Jak się domyślam, oznacza to wyższe koszty w UE.

Normy europejskie nastawione są na taką produkcję, aby metodami sanitarnymi walczyć z mikrobiologią. Mięso opłukiwane jest bieżącą wodą, aby było jak najbardziej jałowe. Potem chłodzimy je powietrzem. To naprawdę kosztowny proces. Amerykanie wychodzą z innego założenia. Zamiast walczyć z bakteriami w procesie produkcji, wybijają je na końcu – poprzez kąpiele w chlorze. Dlaczego? Bo tak jest taniej. Jak dotąd żadna rzeźnia amerykańska nie uznała za opłacalne wprowadzenie norm europejskich, aby zawalczyć o nasz rynek. Pomoże im w tym obniżenie norm dzięki umowie handlowej TTIP.

Czy macie już przygotowaną strategię, jeśli jednak UE podpisze umowę o wolnym handlu z USA?
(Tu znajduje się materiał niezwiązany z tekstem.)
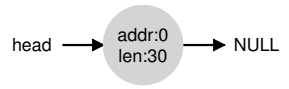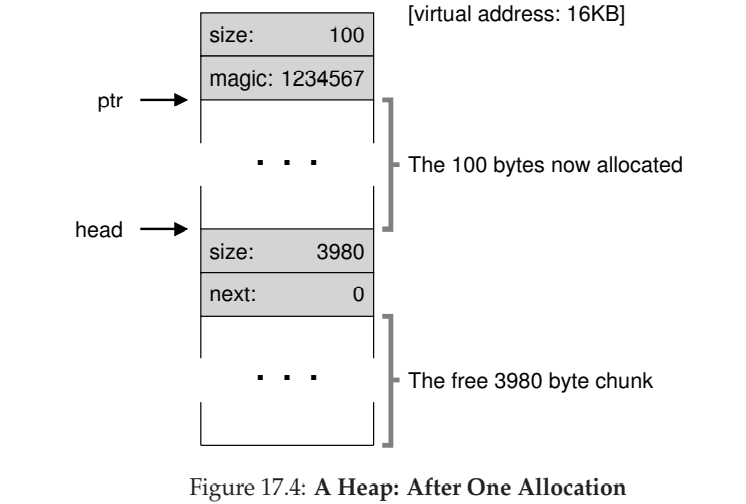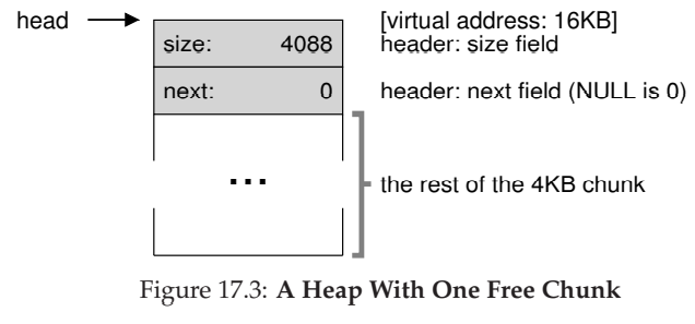 이 코드의 실행 후 리스트는 크기 4088의 항목 하나만을 가지게 된다. 매우 작은 힙이다. head 포인터는 이 영역의 시작 주소를 담고 있다. 영역의 시작 주소를 16KB라고 가정하자.

Trudno mówić o opracowaniu skutecznej strategii, kiedy wciąż nie znamy utajnionych zapisów, które mają nas obowiązywać. To oznaczałoby działania po omacku. Pozostaje nam powalczyć o klientów w Polsce i zagranicą, którzy zechcą zapłacić za lepszy produkt, rozwijać działania marketingowe i informacyjne, ukazujące wyżej wymienione różnice. Walczymy również o rynek chiński, który jest stabilny pod względem popytu i może być rezerwuarem bezpieczeństwa dla naszych produktów.